■ Data entries:
══════════

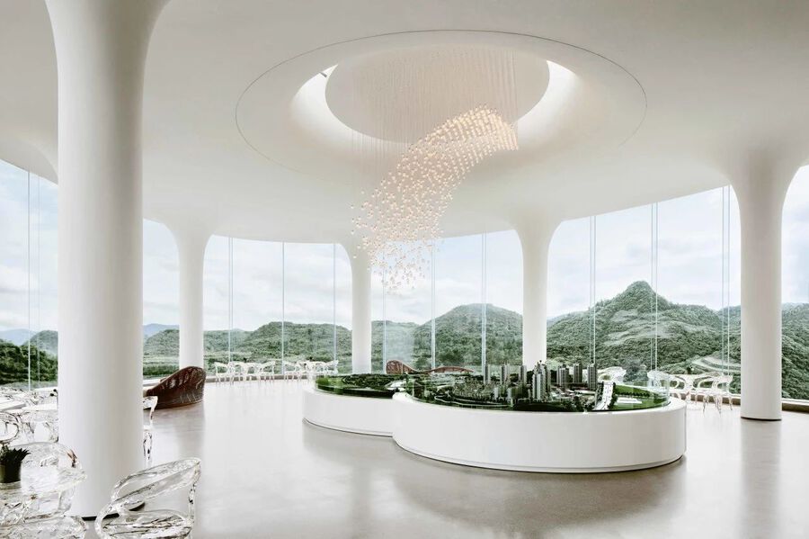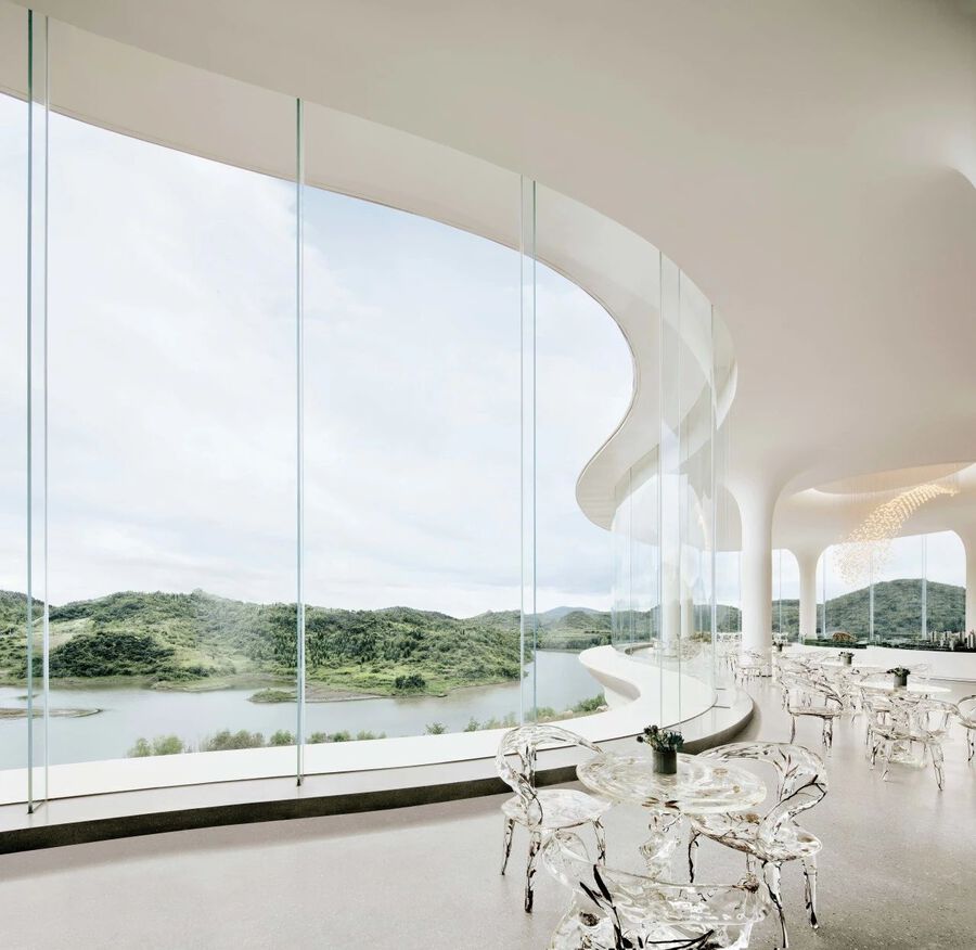 懷著對自然的敬畏與熱愛, J&A以“云藝術館”為設計理念,衍生出“漫步云端”的設計概念,結合當地“云霧,山川,湖泊”等自然文化元素,使建筑、人文、自然三個維度相互融合和襯托。通過運用穿插、解構、曲線感的藝術設計手法,設計團隊打造了一個與生活并行的通透、流動的藝術展示空間。
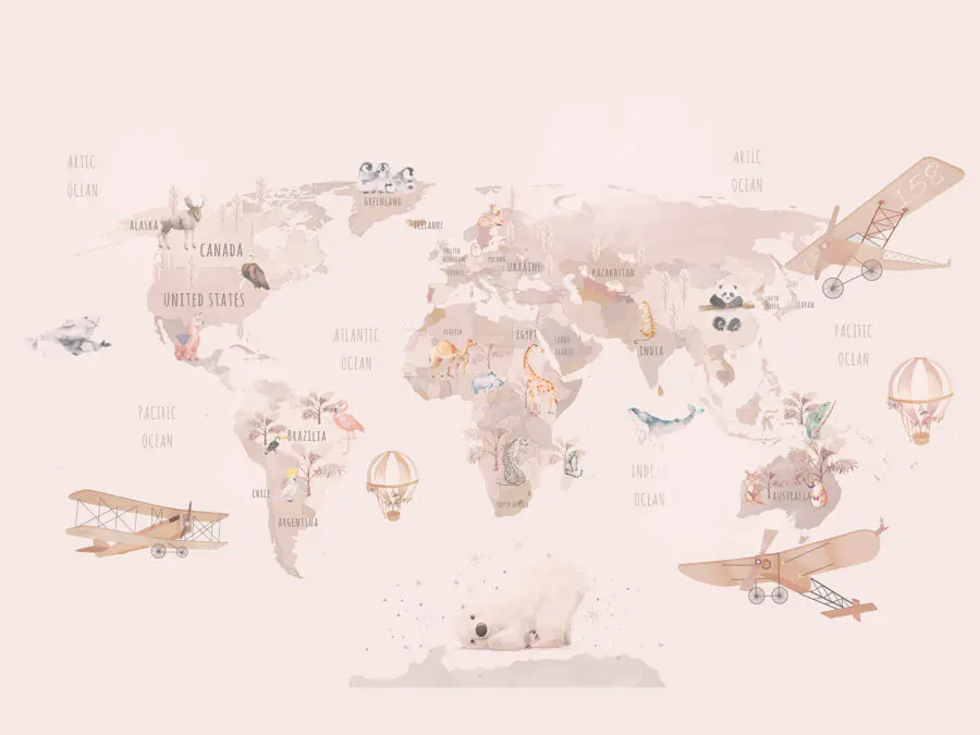 33.33 zł20.00 złFototapeta Mapa świata ze zwierzętami
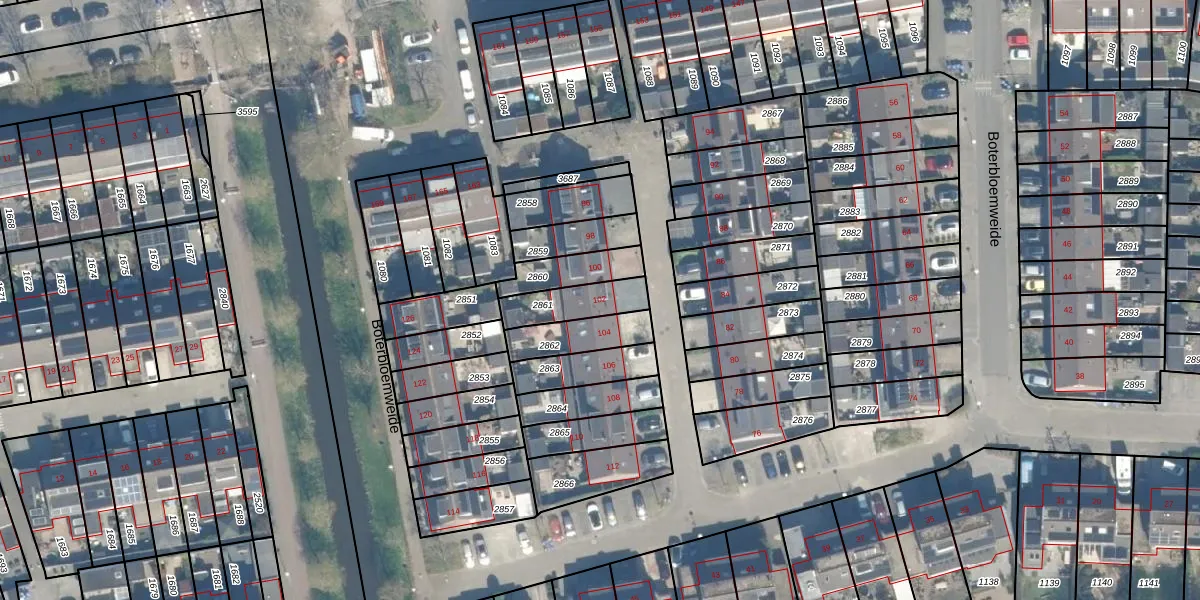 Boterbloemweide 102 is gelegen op kadastraal perceel WDN01D2861. Deze kadastrale aanduiding is uniek en wordt gebruikt door het Kadaster om eigendomsrechten en andere zakelijke rechten vast te leggen. Het perceel maakt onderdeel uit van de kadastrale gemeente Woerden.
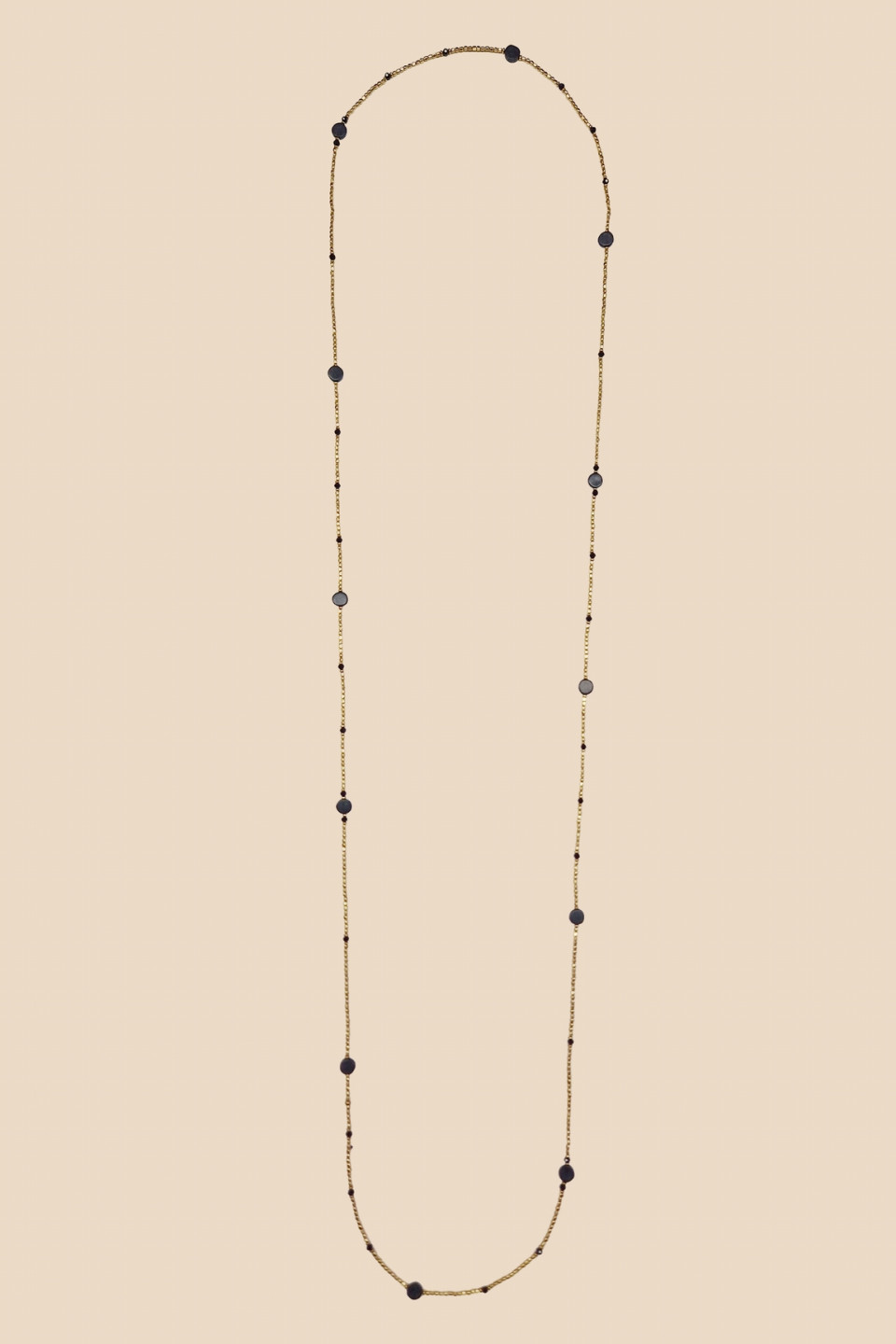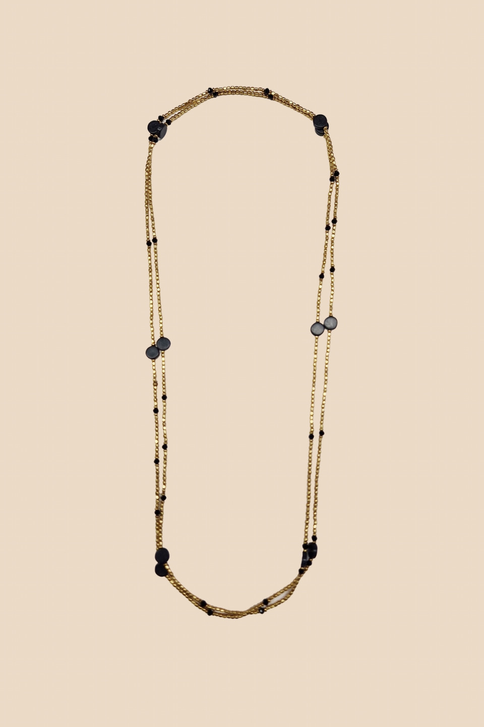 Let yourself be seduced by our Dara Gini necklace, combining refinement and ethnic inspiration. Its fine golden and black pearls, round and sparkling, delicately enhance your décolleté. Thanks to its adjustable length, it adapts to all your desires and perfectly complements each of your outfits.
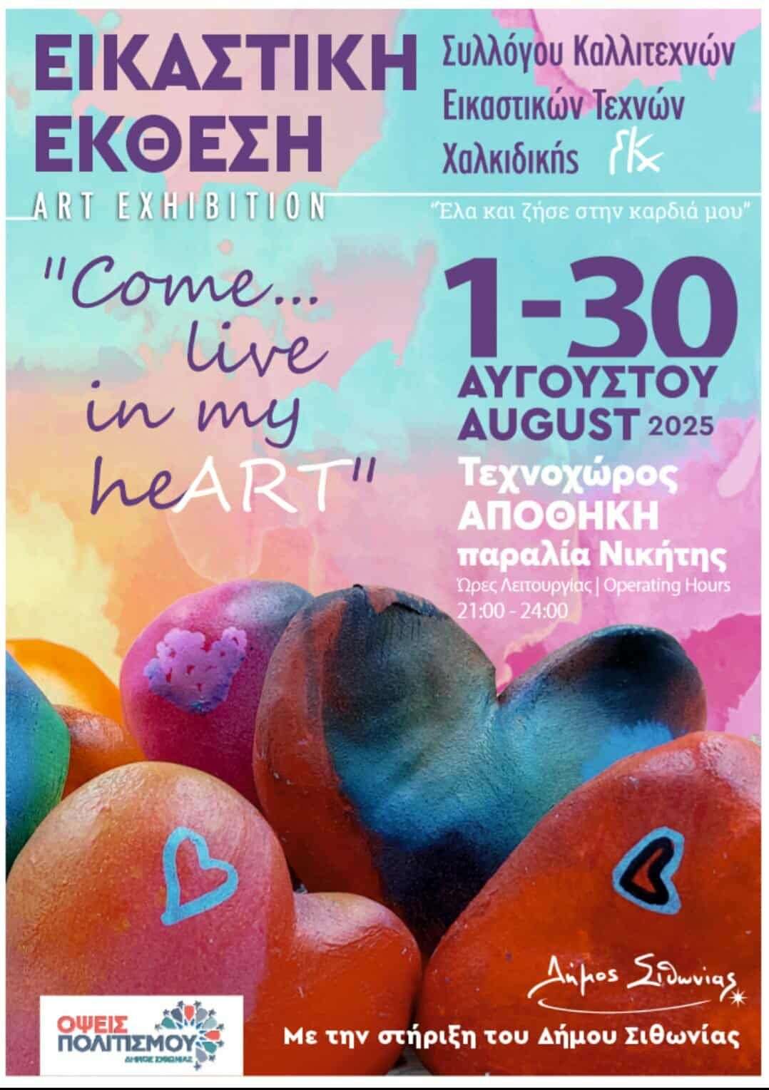 Ομαδική εικαστική έκθεση του Συλλόγου Καλλιτεχνών Εικαστικών Τεχνών Χαλκιδικής στον Τεχνοχώρο ΑΠΟΘΗΚΗ στη Νικήτη Χαλκιδικής απο 1 έως 30 Αυγουστου 2025 “Come..live in my heART”.
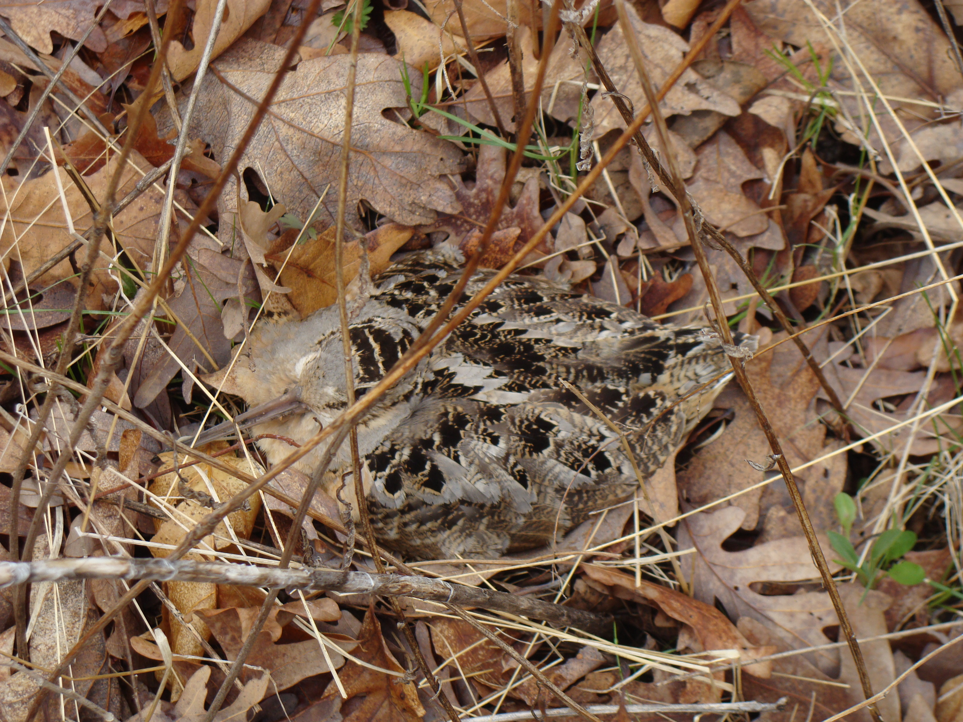 While bending down to pluck deer ticks off of my pants, I was lucky enough to spot this female woodcock on her nest at Lulu Lake SNA. I was mildly startled when she came into focus out of the leaf litter–I had almost stepped right on her. I very slowly reached for my camera and took this photo.
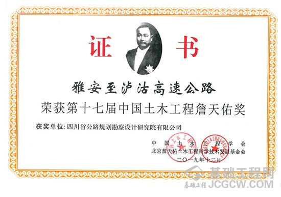 近日,中国土木工程学会公布了第十七届中国土木工程詹天佑奖获奖名单,四川省公路规划勘察设计研究院有限公司牵头设计的雅安至泸沽高速公路获此殊荣,这是该公司第9次捧起詹天佑奖杯。该项目又称雅西高速,全长240公里,是国家勘察设计和科技双示范工程。
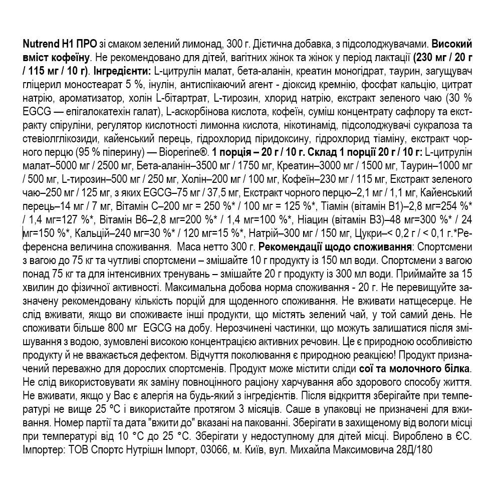 N1 PRO — це продукт із підвищеною концентрацією активних компонентів, створений як професійний передтренувальний комплекс для додаткової підтримки організму перед силовими навантаженнями чи тренуваннями на витривалість. Комбінація кофеїну, таурину, екстракту зеленого чаю та вітамінів групи B традиційно використовується у спортивному харчуванні та може сприяти загальному відчуттю тонусу та зібраності. Для спортсменів, що працюють із силовими навантаженнями, у формулі також присутній креатин.
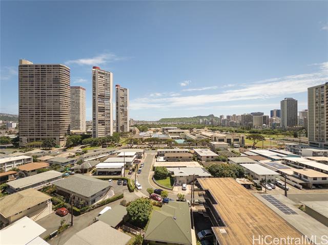 This attractively priced 1 bedroom, 1 bath residence with 1 parking offers a beautiful view overlooking Diamond Head and a layout that feels both open and private. The unique split-level floorplan places the living area upstairs, creating a comfortable separation from the bedroom and bath below. Upgraded windows and a washer and dryer are conveniently located in the unit, and the home is ready for your personal touch with opportunities for upgrades. Located around the corner from Iolani School and near public schools, this in town setting also provides easy access to the freeway, bus lines, Waikiki, UH, and everyday conveniences. A compelling option for those seeking location, view, and value in one well designed space. Images have been virtually enhanced.
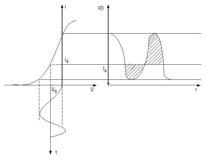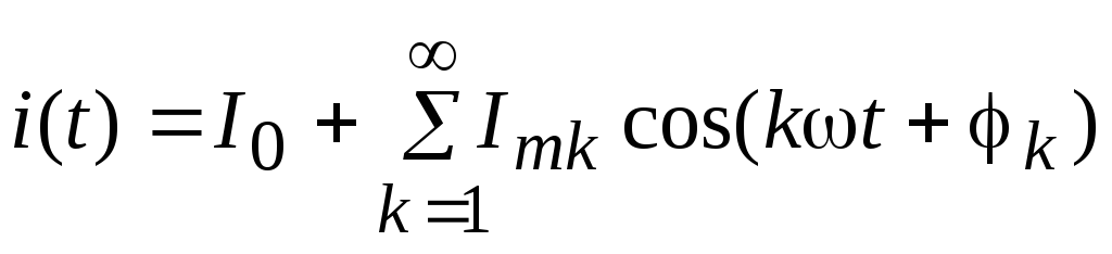 З аналізу ми бачимо, що при впливі гармонічної напруги вихідний струм являє собою періодичне коливання несинусоїдальної форми, що дозволяє представити його поруч Фур'є, тобто спектральний склад вихідного типу НЕ буде визначатися вираженням:

══════════

■ Task directions: Using the data above, set down each line from the line with "Let yourself be" to the line with "近日,中国土木工程学会公布了" exactly, both ends included, and leave the pictures behind. Nothing else belongs.

■ Your response:
 Let yourself be seduced by our Dara Gini necklace, combining refinement and ethnic inspiration. Its fine golden and black pearls, round and sparkling, delicately enhance your décolleté. Thanks to its adjustable length, it adapts to all your desires and perfectly complements each of your outfits.
 Ομαδική εικαστική έκθεση του Συλλόγου Καλλιτεχνών Εικαστικών Τεχνών Χαλκιδικής στον Τεχνοχώρο ΑΠΟΘΗΚΗ στη Νικήτη Χαλκιδικής απο 1 έως 30 Αυγουστου 2025 “Come..live in my heART”.
 While bending down to pluck deer ticks off of my pants, I was lucky enough to spot this female woodcock on her nest at Lulu Lake SNA. I was mildly startled when she came into focus out of the leaf litter–I had almost stepped right on her. I very slowly reached for my camera and took this photo.
 近日,中国土木工程学会公布了第十七届中国土木工程詹天佑奖获奖名单,四川省公路规划勘察设计研究院有限公司牵头设计的雅安至泸沽高速公路获此殊荣,这是该公司第9次捧起詹天佑奖杯。该项目又称雅西高速,全长240公里,是国家勘察设计和科技双示范工程。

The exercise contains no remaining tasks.